While this recipe looks divine, I just have to comment on your cake stand and bundt pan. Such a beautiful combination!
Thank you for your kind words..The plate is from Willams and Sonoma , that place can be dangerous!! LOL
Love how this looks, and I always have amaretto in leftover from Christmas, so this would be a perfect use for it!
This would be perfect for Christmas, Frozen cherries could replace the fresh so easily.
I love this cake! It’s such a great way to use cherries, even though I don’t have any problems eating them plain!
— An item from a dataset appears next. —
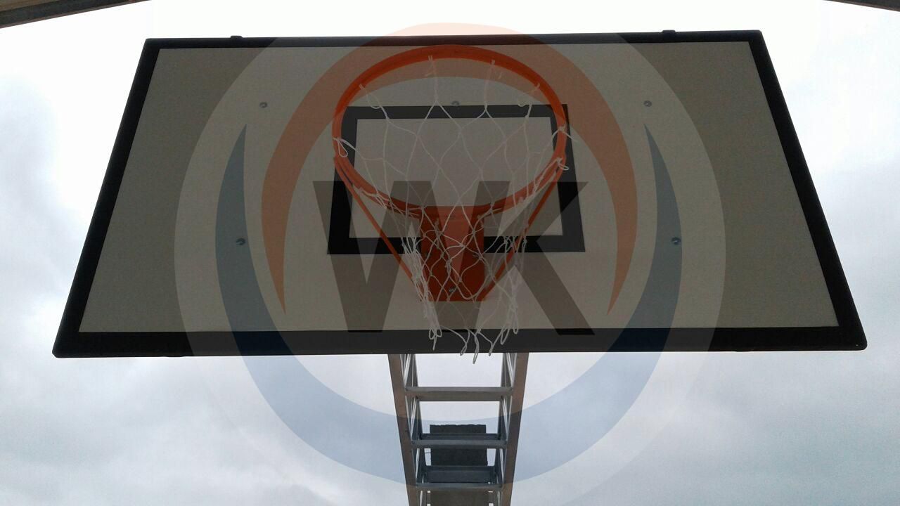 Estrutura de basquete treliça de cantoneira, fabricada aço carbono SAE 1020 com tabela oficial em laminado naval 18mm nas medidas 1,80x105 com aro de basquete e rede tipo chúa

Cherry and amaretto make a beautiful combo and party in one bite. And this beautiful bundt cake makes a lovely centerpiece or an excuse to have a small gathering.
I love a good bundt cake – the lines on that one are so crisp and perfect. This is a cake I want in my belly!
Cherry and amaretto are an unbeatable combo. Your bundt looks so moist and rich…what a beautiful dessert!
This is such a great cake! I love the addition of the amaretto to give it a little something extra.
This turns out so pretty!! Love the combination of cherry and amaretto, delicious!!
What a gorgeous cake and lovely combination. I would love to grab a slice.
I bought this bundt pan and when I use it people rave about the shape! It’s produces a stunning cake!! This is the perfect holiday cake and is absolutely divine!
So beautiful, and so good! Not one slice was leftover!
Good Grief Woman.. ๐ glad i found your Blog.. i want this pan… get me one please?? lol.. also why dont you use the amaretto for the icing too? before i read the recipe.. i thought she either used almond or amaretto .. you did both ..:D so Proud.. gotta make it!!!
Most people don’t like the harsh flavor like amaretto in a glaze that hasn’t been cooked . I totally would be okay with it to replace the almond extract with the amaretto . I also love love this pan..it cooks very even and it is beautiful. Put it on your wish list for Christmas . I know I have an amazon wish list that is growing LOL. Glad you found me !!
Yes Indeed.. im glad too <3
[…] Cherry Amaretto Bundt Cake […]
This looks so delicious! If I were to replace the fresh cherries with frozen, are there any other changes I would need to make to the recipe (in terms of prep or bake time)? Thanks in advance!
Typically I would say yes in swapping fresh and frozen but in this case I can not recommend it. I think the cherries would bleed in to the batter , Also I am not sure how they would bake if you didn’t defrost them. Sorry this makes this cake very seasonal.